She lived in Norwich, Vt. for the next year, acting with the Green Mountain Guild in Quechee, Vt. She waited tables at the Hanover Inn to augment the low pay of the theater business.

The following summer, while continuing to act and wait tables, she applied to the Yale University School of Drama. She received a scholarship to attend and enrolled that fall.

After Yale, the rest is history. Streep went on to perform in several plays with the Phoenix Theatre Company and the New York Public Theatre at Lincoln Center. Soon, she got her break --she was cast in 1977's "Julia" with Jane Fonda, Jason Robards and Vanessa Redgrave.

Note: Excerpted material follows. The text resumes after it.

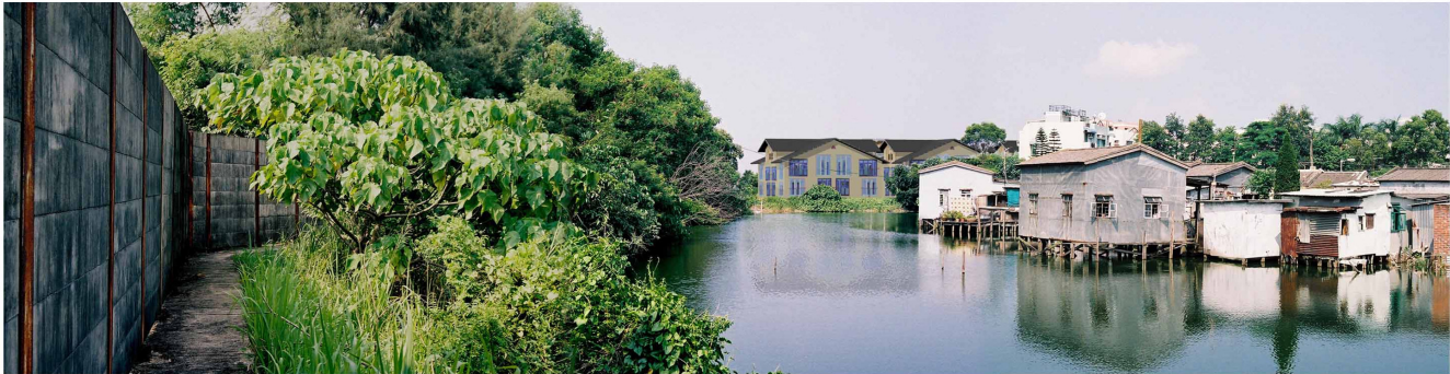
View from Wo Shang Wai Village at Day 1 without Mitigation

She was nominated for a Best Supporting Actress Academy Award for her next film performance alongside Robert DeNiro in 1978's "The Deer Hunter."

In 1980, she won her first Oscar, a best supporting nod for "Kramer vs. Kramer" with Dustin Hoffman. This accomplishment thrust her into the mainstream; the mainstream press lauded her acting abilities. She soon became known for her uncanny ability to speak in foreign accents flawlessly.

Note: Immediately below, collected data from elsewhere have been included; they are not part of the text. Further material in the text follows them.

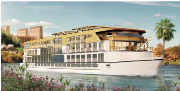
AmaLilia (artist rendering)
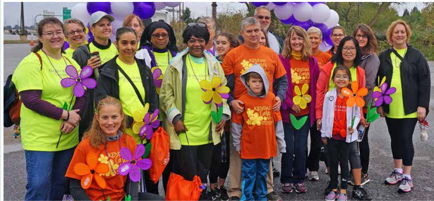
Staff across the system participate in public awareness events such as the Walk to End Alzheimer's.

For everyone, it's about doing something worth doing, feeling good about oneself and helping to improve the lives of others in the process.
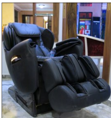
The Zero Gravity Massage Chair

Located next to the Spa are our 'zero gravity' massage chairs - an out of this world experience. Simply select the mode of your choice and enjoy 20 minutes of total relaxation. Who on earth invented this? It's so good, it feels like there are little people hidden in the chair who are expert masseurs.
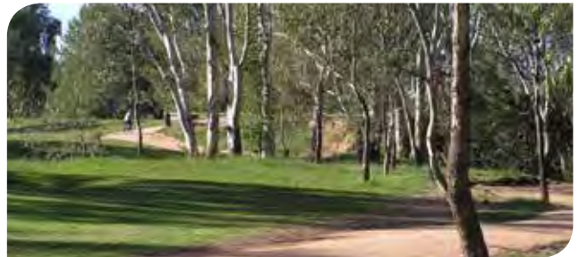
Culcairn's cycle tracks

Referred to as 'The Oasis of the Riverina', Culcairn today is a busy agricultural centre which is enhanced by its heritage buildings, such as the Culcairn Hotel, Memorial Hall, Court House, Railway Station and Station Master's Residence and provides visitors with a range of recreation facilities with football, tennis and netball courts, public swimming pool, golf course, lawn bowls, cricket facilities and walking and

Winning a Best Actress Oscar in 1983 for playing the title character in "Sophie's Choice" sealed the deal. In a heart-wrenching portrayal, she played an inmate at a Nazi concentration camp who is forced to choose which one of her two children would die.

Streep was nominated a total of 12 times so far, 10 times for Best Actress and twice for Supporting Actress. Most recently she was nominated for the role of Roberta Guaspari in "Music of the Heart," a part for which she learned to play the violin by practicing six hours a day for eight weeks.

Among a multitude of other commendations, Entertainment Weekly named her the Best Modern Actress in 1999.

Streep now lives in Connecticut with her husband and their four children.